From Link Building No-Nos to Keyword Stuffing, The SEO Landscape Has Changed Over the Years
Search engine optimization goes back to the late 1990s when search engines first made it easier to find what you were looking for on the web. Then came Google with its first-of-its-kind algorithm to try to ensure popular content rose to the top of search results. From then on, the SEO landscape has constantly shifted as people found ways to artificially inflate their site’s ranking and Google countered with their latest, and supposedly greatest, algorithm.
That has led to the obsolescence of several SEO tactics that were once effective. Some of these are relatively benign and simply a waste of time, while others could cause serious repercussions for your site should you employ them. Here are some of the most prominent:
Poorly-Written Content and Article Directories
In the bad old days, you could hire a bunch of people with questionable writing skills to bang out articles by the hundreds crammed full of key words, spin each of them a hundred times, and post the whole mess to as many article directories and blogs as you could find. Well, that entire paradigm died a well-deserved death back in 2011 thanks to Google’s Panda update. Now, your content needs to be well written and relevant in order for it to rank well on search engines. Article directories have been banished to oblivion, and bloggers are a lot more careful regarding the type of guest posts they accept.
If you’re trying to get your name out there, your best bet is a two-pronged approach: Create content that highlights your expertise, and get mentions from high-authority bloggers in your niche.
Interlinking Irrelevant Websites
One tactic that enjoyed some temporary success and popularity was to create a bunch of websites and link them all together, thereby increasing the authority of your primary website. Google has since become hip to this tactic, and it’s now very easy for it to detect this pattern and punish all the websites involved. So, this is a definite no-no today.
However, if you do have websites that are legitimately related, you can link between them without worrying that you’ll come to Google’s attention in a bad way. For example, if you run a real estate agency with an associated mortgage-finding service, you can provide links from your agency website without running afoul of Google.
Domain Name Keyword Matching
Many people don’t realize that the practice of acquiring a domain that has a relevant keyword embedded in it is no longer necessary. For instance, “chicagoroofers.com” is no longer the very valuable domain name it once was.

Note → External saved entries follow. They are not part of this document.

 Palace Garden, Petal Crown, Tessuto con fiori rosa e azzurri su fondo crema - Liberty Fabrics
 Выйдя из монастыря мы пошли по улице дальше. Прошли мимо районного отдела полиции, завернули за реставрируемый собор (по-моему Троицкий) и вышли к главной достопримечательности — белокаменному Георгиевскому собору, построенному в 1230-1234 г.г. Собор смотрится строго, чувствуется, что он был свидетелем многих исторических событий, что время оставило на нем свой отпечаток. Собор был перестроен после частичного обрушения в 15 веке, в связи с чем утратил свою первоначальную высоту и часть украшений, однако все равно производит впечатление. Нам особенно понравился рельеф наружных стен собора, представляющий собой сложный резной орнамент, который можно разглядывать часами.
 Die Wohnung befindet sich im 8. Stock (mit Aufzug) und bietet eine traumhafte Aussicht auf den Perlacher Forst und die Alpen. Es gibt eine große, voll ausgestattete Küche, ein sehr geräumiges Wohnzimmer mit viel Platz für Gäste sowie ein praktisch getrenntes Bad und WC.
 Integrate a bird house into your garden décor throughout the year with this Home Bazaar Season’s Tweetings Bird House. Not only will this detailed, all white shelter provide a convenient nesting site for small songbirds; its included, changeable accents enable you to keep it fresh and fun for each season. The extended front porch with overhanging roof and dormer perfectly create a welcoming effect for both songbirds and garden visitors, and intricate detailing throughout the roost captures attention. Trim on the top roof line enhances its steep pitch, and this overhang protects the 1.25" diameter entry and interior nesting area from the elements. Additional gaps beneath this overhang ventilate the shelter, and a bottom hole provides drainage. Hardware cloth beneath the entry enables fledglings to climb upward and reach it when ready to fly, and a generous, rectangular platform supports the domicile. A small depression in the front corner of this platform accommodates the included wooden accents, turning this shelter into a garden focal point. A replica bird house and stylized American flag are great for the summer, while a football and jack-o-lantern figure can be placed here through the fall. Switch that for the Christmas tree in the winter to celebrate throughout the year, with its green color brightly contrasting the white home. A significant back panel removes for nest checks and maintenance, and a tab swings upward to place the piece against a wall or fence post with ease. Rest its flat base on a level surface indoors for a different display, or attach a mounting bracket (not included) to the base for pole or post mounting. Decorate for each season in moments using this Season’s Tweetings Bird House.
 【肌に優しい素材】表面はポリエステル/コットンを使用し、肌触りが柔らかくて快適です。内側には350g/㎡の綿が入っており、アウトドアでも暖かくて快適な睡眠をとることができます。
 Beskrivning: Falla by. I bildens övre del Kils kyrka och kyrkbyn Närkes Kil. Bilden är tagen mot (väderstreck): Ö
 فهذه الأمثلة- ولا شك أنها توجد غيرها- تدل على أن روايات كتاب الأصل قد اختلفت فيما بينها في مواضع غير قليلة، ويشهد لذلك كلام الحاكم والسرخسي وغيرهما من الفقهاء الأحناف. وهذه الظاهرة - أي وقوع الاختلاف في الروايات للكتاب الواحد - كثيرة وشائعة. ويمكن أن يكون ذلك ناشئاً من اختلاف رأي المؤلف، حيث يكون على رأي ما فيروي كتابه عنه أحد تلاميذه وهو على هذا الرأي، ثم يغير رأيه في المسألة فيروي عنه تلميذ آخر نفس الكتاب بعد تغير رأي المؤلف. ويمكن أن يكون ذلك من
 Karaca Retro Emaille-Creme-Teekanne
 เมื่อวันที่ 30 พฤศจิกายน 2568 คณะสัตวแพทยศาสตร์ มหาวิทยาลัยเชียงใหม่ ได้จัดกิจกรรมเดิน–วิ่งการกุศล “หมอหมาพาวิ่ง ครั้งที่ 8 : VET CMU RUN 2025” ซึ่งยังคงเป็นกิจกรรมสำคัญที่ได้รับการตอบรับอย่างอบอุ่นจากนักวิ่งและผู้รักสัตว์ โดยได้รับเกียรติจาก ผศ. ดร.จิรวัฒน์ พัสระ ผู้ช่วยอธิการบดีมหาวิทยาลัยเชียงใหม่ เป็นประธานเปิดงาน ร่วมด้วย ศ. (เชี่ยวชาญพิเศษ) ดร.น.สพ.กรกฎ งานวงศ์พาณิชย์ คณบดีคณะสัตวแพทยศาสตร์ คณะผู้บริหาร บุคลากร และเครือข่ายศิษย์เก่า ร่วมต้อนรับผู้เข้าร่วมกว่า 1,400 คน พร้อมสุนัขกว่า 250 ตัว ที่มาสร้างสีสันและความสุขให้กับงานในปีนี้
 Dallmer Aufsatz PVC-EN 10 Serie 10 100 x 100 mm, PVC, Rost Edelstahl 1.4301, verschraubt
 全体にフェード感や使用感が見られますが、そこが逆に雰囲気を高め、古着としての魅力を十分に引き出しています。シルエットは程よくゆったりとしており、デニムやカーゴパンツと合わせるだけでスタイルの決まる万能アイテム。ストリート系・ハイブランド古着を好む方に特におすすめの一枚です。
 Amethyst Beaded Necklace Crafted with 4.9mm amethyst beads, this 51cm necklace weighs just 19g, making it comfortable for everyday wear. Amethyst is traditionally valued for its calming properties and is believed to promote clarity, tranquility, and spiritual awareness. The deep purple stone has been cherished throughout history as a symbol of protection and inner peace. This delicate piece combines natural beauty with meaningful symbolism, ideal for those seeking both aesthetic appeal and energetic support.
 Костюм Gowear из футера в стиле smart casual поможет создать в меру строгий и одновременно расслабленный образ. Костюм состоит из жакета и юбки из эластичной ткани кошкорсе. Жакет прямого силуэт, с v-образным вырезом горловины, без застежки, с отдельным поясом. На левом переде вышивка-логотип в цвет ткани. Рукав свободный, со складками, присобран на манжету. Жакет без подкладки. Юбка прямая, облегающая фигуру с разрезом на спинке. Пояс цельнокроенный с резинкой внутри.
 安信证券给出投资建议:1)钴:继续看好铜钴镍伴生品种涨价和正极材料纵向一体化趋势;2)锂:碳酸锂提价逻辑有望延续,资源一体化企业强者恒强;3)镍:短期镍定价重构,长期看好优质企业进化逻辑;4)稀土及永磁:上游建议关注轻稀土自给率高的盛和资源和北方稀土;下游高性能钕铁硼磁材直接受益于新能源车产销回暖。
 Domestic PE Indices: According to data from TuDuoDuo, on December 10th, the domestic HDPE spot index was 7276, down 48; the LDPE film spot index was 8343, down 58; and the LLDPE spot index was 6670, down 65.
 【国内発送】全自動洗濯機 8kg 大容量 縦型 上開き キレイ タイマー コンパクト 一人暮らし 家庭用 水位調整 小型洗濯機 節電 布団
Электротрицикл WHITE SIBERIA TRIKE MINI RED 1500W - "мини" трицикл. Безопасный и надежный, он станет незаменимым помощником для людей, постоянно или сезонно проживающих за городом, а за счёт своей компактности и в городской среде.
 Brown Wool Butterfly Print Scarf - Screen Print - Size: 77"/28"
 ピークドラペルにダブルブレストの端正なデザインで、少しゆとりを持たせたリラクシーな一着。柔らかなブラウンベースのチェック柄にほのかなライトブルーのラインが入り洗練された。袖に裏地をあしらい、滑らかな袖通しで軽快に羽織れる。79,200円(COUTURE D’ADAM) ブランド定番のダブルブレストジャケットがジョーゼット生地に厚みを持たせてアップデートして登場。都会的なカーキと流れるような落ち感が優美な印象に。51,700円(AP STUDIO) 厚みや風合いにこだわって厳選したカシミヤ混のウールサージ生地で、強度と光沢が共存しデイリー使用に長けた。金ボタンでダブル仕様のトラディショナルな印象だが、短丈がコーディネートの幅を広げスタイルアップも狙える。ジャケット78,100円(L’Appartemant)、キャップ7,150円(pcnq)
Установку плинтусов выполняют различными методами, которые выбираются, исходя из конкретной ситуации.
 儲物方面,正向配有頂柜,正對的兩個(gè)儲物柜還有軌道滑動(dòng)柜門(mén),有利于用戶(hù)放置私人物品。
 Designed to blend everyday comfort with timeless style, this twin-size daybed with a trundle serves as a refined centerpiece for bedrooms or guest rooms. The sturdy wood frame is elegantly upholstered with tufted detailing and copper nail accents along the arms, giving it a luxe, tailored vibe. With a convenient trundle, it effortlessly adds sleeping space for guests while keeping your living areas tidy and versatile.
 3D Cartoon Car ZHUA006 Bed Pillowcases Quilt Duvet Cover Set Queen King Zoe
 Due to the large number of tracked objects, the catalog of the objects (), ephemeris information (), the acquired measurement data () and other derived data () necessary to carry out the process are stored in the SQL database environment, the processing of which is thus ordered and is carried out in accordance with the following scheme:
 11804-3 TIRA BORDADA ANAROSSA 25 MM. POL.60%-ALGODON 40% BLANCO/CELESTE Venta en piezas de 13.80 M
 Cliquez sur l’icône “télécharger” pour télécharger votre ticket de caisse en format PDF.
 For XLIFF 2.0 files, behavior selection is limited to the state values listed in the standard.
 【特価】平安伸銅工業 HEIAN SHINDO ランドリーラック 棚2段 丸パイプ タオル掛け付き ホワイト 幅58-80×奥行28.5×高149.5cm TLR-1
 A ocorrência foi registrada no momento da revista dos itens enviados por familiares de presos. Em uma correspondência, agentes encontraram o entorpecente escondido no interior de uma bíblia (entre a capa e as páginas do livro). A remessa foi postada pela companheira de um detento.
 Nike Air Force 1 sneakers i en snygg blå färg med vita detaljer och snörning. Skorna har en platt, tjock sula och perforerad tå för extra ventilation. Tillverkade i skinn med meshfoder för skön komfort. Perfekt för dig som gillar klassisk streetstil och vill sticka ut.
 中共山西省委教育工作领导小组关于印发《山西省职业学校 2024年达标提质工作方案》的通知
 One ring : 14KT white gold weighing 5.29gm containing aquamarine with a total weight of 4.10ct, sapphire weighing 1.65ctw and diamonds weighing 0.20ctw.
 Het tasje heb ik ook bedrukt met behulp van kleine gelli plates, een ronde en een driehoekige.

Back before 2012, you could dole out domains for every keyword you could think of related to your product or service and watch as they climbed very high very quickly on the search results. In 2012, Google yet again tweaked their algorithm so that low-quality exact match domains didn’t automatically rise so high in the rankings.
That said, having a relevant keyword included in your domain is not a demerit against you as long as you’ve got a quality, content-rich site that follows SEO best practices. It’s just no longer worth it to create a bunch of similar domains.
Creating a Different Page for Each Possible Keyword
Similarly, this old tactic made popular thanks to easy-to-use content management systems is no longer necessary and can in fact backfire. Used to be, creating a bunch of similar pages for things like “auto repair” and “auto servicing” and “auto tuneup” was the only way to ensure that people would be sure to find you. Now, doing that can cause your website to be crawled less frequently while dropping in the rankings at the same time.
But hey, keeping all those pages updated was a lot of work, anyway, and thanks to Google’s ever-evolving AI, RankBrain, it’s no longer necessary. Now, Google is smart enough to know that someone who searches for “auto repair” is likely to be equally interested in “auto servicing.” If you offer several related services, your best bet nowadays is to describe them on a single page that’s divided into sections with headings for each service. Go ahead and get rid of those keyword variation pages, and use a 301 redirect to point human visitors as well as search engines to your new Services page.
Low-Quality Link Building
Before Google started caring about the popularity of sites that linked to other sites, automated link building services became very popular. That’s when you had blog comments by the thousands that existed for no other purpose than to link to some other website, relevance be damned. As this craze got out of hand and continued to proliferate, Google was eventually forced to come up with a way to weed out the junk. Now, Google will simply ignore these low-quality links and may also penalize the site to which these links point.
Now, the only way to ensure you’re getting quality link building is via manual outreach link building. This refers to “reaching out” to a high-authority site, usually a blog or other publication, and incentivizing them to review your product or service and hence provide a link back to your site. The best SEO link building services will ensure that your backlinks are limited to only high-authority sites that cover your particular niche. This kind of premium quality manual link building can go a long way toward catapulting your site up the search engine rankings.